蘇婉不信他真是被自己“提醒”才想到的,恐怕一開始便有這個念頭,特意試探她是什麼想法,當然蘇婉自己也是在試探,宋子恆與她的想法不謀而合,宋老爹有錢有人脈,這酒一旦能打入本縣有錢人的圈子,日後只會越來越遠,掙錢自然不成問題,便是宋子恆也可以利用一二,他日後必定是狀元,由他將葡萄酒引入讀書人的圈子,時人愛附庸風雅,開啟京城市場也不過是時間問題。
世人常言“嫁出去的女兒潑出去的水”,出嫁之人還時時惦記孃家要被人戳著脊背罵的,即便釀酒的法子是蘇婉想出來的,在世人眼中也與蘇家無關,她讓蘇家進來摻一腳,已是不佔理,必須要讓宋家先提出來才行,是以她剛剛與宋子恆迂迴了好幾個回合。
畢竟她佔了人家唯一閨女的身體,總要為他們考慮些,再說看著雖是蘇家佔了便宜,然宋家一無根基二無本錢,就如巧婦難為無米之炊,捏著方子也沒用,倒不如有錢大家一起賺。
“這法子好,相公書念得多,見識也多。

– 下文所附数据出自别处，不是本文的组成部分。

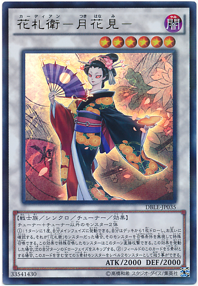 協調+協調以外的怪獸2體(1):1回合1次,我方的主要階段時可以發動。從牌組抽1張牌,並給雙方確認。該卡片是「花札衛」之名的怪獸的場合,可以將該怪獸無視召喚條件特殊召喚。此回合以此效果特殊召喚的怪獸可以直接攻擊。發動此效果的場合,下個我方回合的抽牌階段跳過。(2):場上的此卡作為同步素材的場合,包含此卡在內的所有同步素材怪獸的等級變為2。
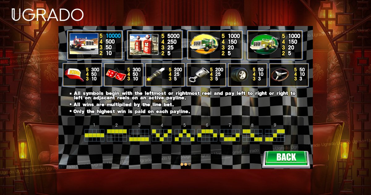 Highway Kings is a 5-reel, 3-row slot game that features a trucker theme. The symbols on the reels include a red truck, a green truck, a yellow truck, a gas pump, a tire, a spark plug, a piston, a steering wheel, and a pair of fuzzy dice. The game has 9 pay lines and offers players the chance to win big with its bonus feature.
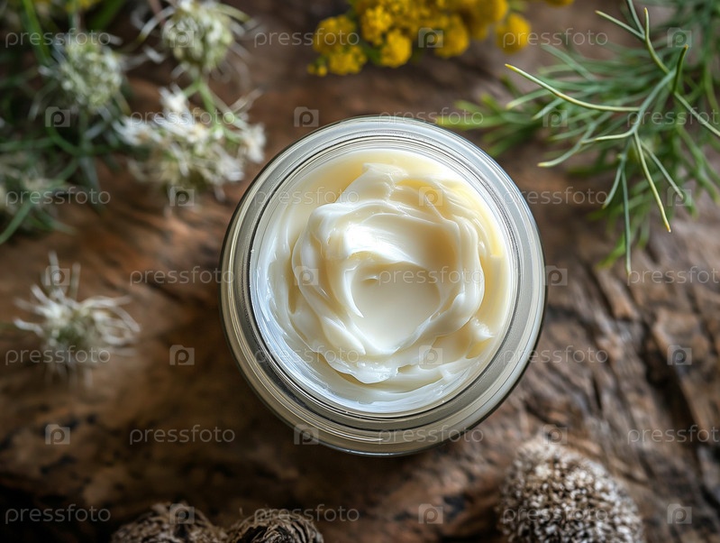 Крем для ухода за лицом на коре дерева рядом с цветами, вид сверху
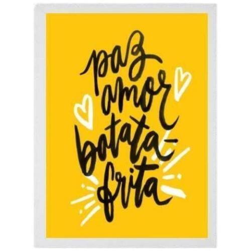 O Quadro Decorativo Paz Amor Batata Frita 24 x 18 Cm A5 é perfeito para a decorar o seu ambiente de forma moderna e charmosa. O quadro é fácil de instalar pois vai acompanhado de pendurador e simples de limpar, apenas um pano seco ou espanador é suficiente para manter o seu quadro conservado. Características: - O papel fotográfico possui alta resolução - Acompanha vidro para proteção da imagem - Fácil de instalar Especificações Marca: Quadros On-Line Temática do quadro: tema Modelo: Paz Amor Batata Frita Material do papel: Fotográfico brilhante Material da moldura: Madeira Acompanha moldura: Sim Acompanha vidro: Sim Acompanha pendurador: Sim Cor da moldura: Branca Medidas: 24 x 18 cm : 3 meses Itens inclusos 01 Quadro Decorativo Paz Amor Batata Frita 24 x 18 Cm Sobre a Quadros On-Line Criada há mais de 30 anos em Belo Horizonte, a Quadros On-Line é uma referência na cidade, sempre prezando a criação de produtos de alta qualidade e excelência no atendimento. Além dos artigos decorativos, confecciona e comercializa obras de arte também. Marca: Não Informado Ean: 7895145464243
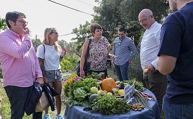 Por su parte, María Calvo del Castillo, de Ecohuerta Canaria, que comercializa productos agrícolas ecológicos certificados, procedentes de su finca en Santa Brígida y de otros productores locales para los que realiza también servicio de entrega a domicilio, explicó que llevan cuatro años dedicados a la agricultura ecológica, «tomando el relevo generacional de mi padre y, tras muchas pruebas y errores, hemos conseguido cierta estabilidad y poder dedicarnos a esto de manera exclusiva». «Tener hoy una visita así es una gran oportunidad de negocio y estamos muy contentos de formar parte de esta primera ruta», aseguró esta joven emprendedora que dejó su vida y su trabajo en Londres para regresar a Gran Canaria con su pareja y emprender en el sector primario.
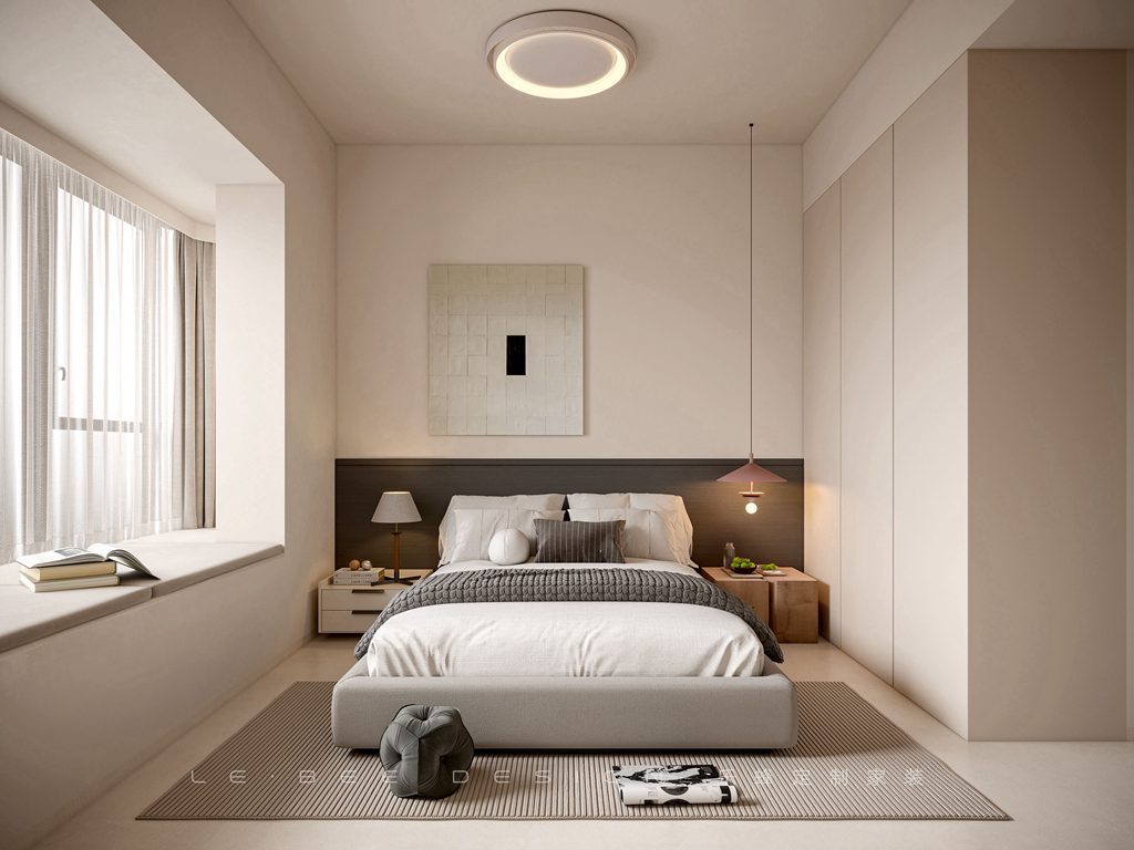 主臥室是整個裝修風格的重要節點。主燈散發著溫暖的光芒,使整個房間充滿柔和的氛圍。
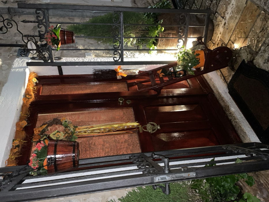 - "A dark brown door is decorated for fall with a broom, a wreath, and orange foliage" by FM-srcYD2, licensed under CC BY 4.0
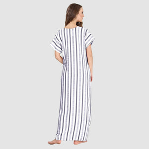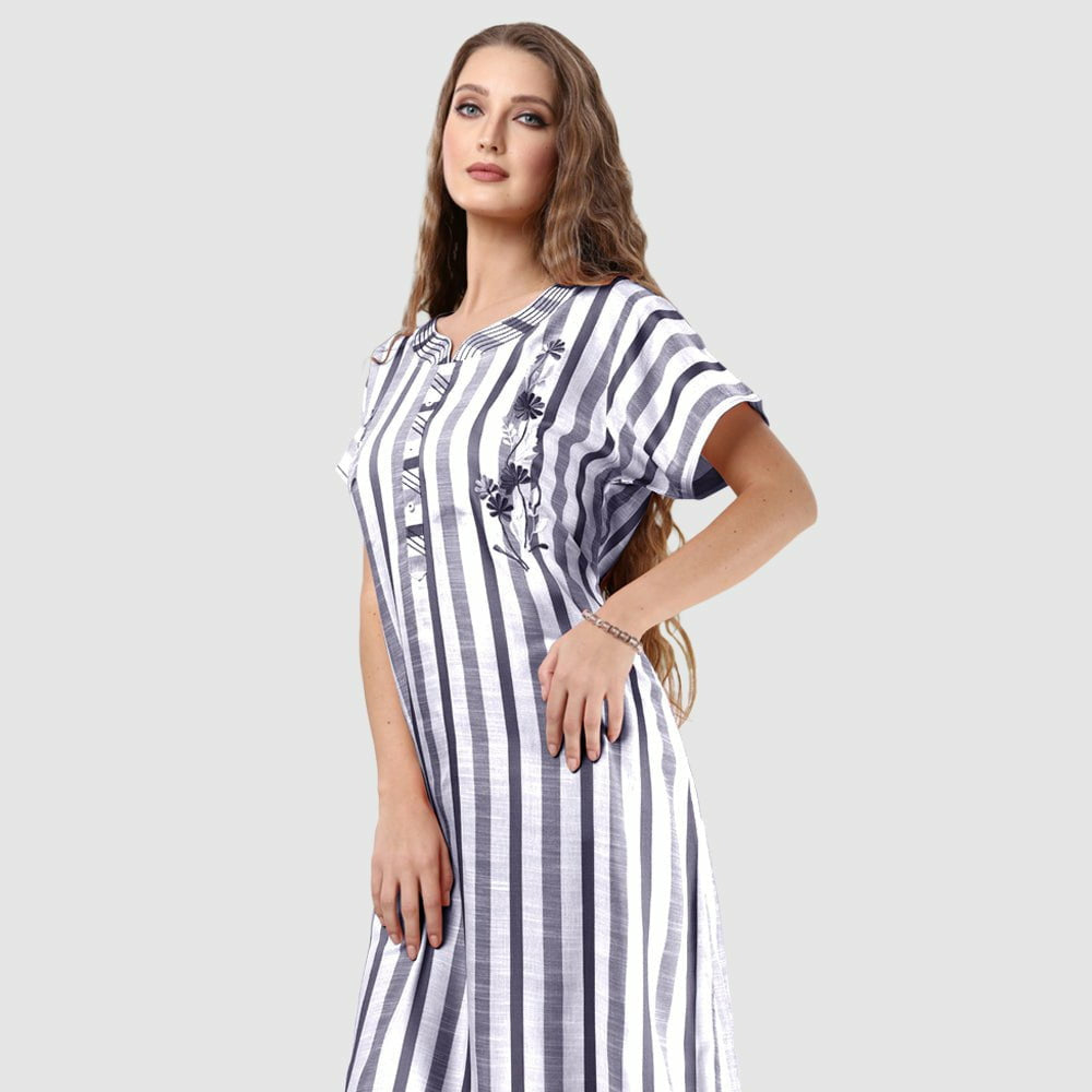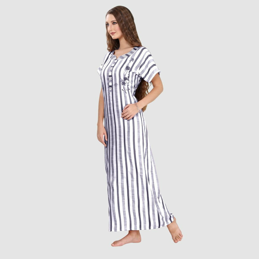 Get ready to discover your most comfortable sleep dress ever! This long nighty is made from rayon, a natural fibre-based fabric that's made from plant cellulose and which is known for its softness and breathability. Printed with stripes and embroidered with a floral design, the free-flowing fit enhances the comfort further - it's a good thing this soft nighty also makes a fabulous lounge dress, because you won't want to take it off come morning!

”蘇婉臉上露出了笑容,“日後若生意做得大,爹孃能種出個葡萄園來才好,再也不愁葡萄不夠吃了。”
“就算種不出葡萄園,也不會短了你的葡萄吃。”宋子恆也忍不住笑了,低頭看著她的雙眼,“若真有那一天,娘子便是咱們宋家最大的功臣。”
宋子恆雖是笑盈盈的,眼神卻深邃無波,彷彿能將人吸入深處。這點探究之意還不至於讓蘇婉慌亂,她臉色都沒變,眼神一轉,便拍了下頭,叫道:“早知道還得叫我爹幫忙,今日就裝點葡萄酒讓那蘇福帶回去了!”蘇福便是送宋子恆回來的蘇家家丁。
“瞧你這一驚一乍的性子。”宋子恆笑著握了她的手,“因是請岳父幫忙,更應咱們親自登門拜謝才是,讓蘇福順便捎話算什麼。再說,你記起要岳父幫忙才想著送酒回去?”
“蘇福來得匆忙,我如何記得這麼多,再說,爹孃又不計較這些。”
“即便岳父岳母不計較,咱們該盡的心也要盡,不是嗎。”
“行了,你有空多陪我回去走兩趟,他們便心滿意足了。”
宋子恆哭笑不得,到底是誰爹孃?也是被爹孃寵著才能養出如此性格。宋子恆之前升起的些許懷疑,倒徹底消去了,他更願意往巧合方面去想,妻子嫁進來也快有大半年了,家務女紅俱是一竅不通,便是自己愛吃,在廚藝上也一塌糊塗,只對吃食有著無窮的熱情,才能時不時想出些稀奇古怪的吃法,這邊是另一種意義上的術業有專攻了,能琢磨出葡萄酒的做法也不算特別稀奇。
何況子不語怪力亂神,他方才怎會有如此荒唐的猜測。
宋子恆這會兒一想,又覺得有些對不住蘇婉了看,握住她的手一直不放,甚至在她想抽出來的時候手指插了進去,變成十指相扣的姿勢,宋子恆笑盈盈的看著蘇婉:“娘子知道為夫如何今夜趕回來的嗎?”
“你不是說去我爹孃那兒,被我爹孃派人送回來的?”
“那是為夫早料到岳父岳母會如此熱心,這才去的。”
蘇婉睜大眼睛做不解狀:“為何?”
宋子恆的臉貼近了她,飛快的在她唇上輕輕掠過,蜻蜓點水一般,用輕得近似針落地的聲音在她耳邊呢喃道:“因為相思……”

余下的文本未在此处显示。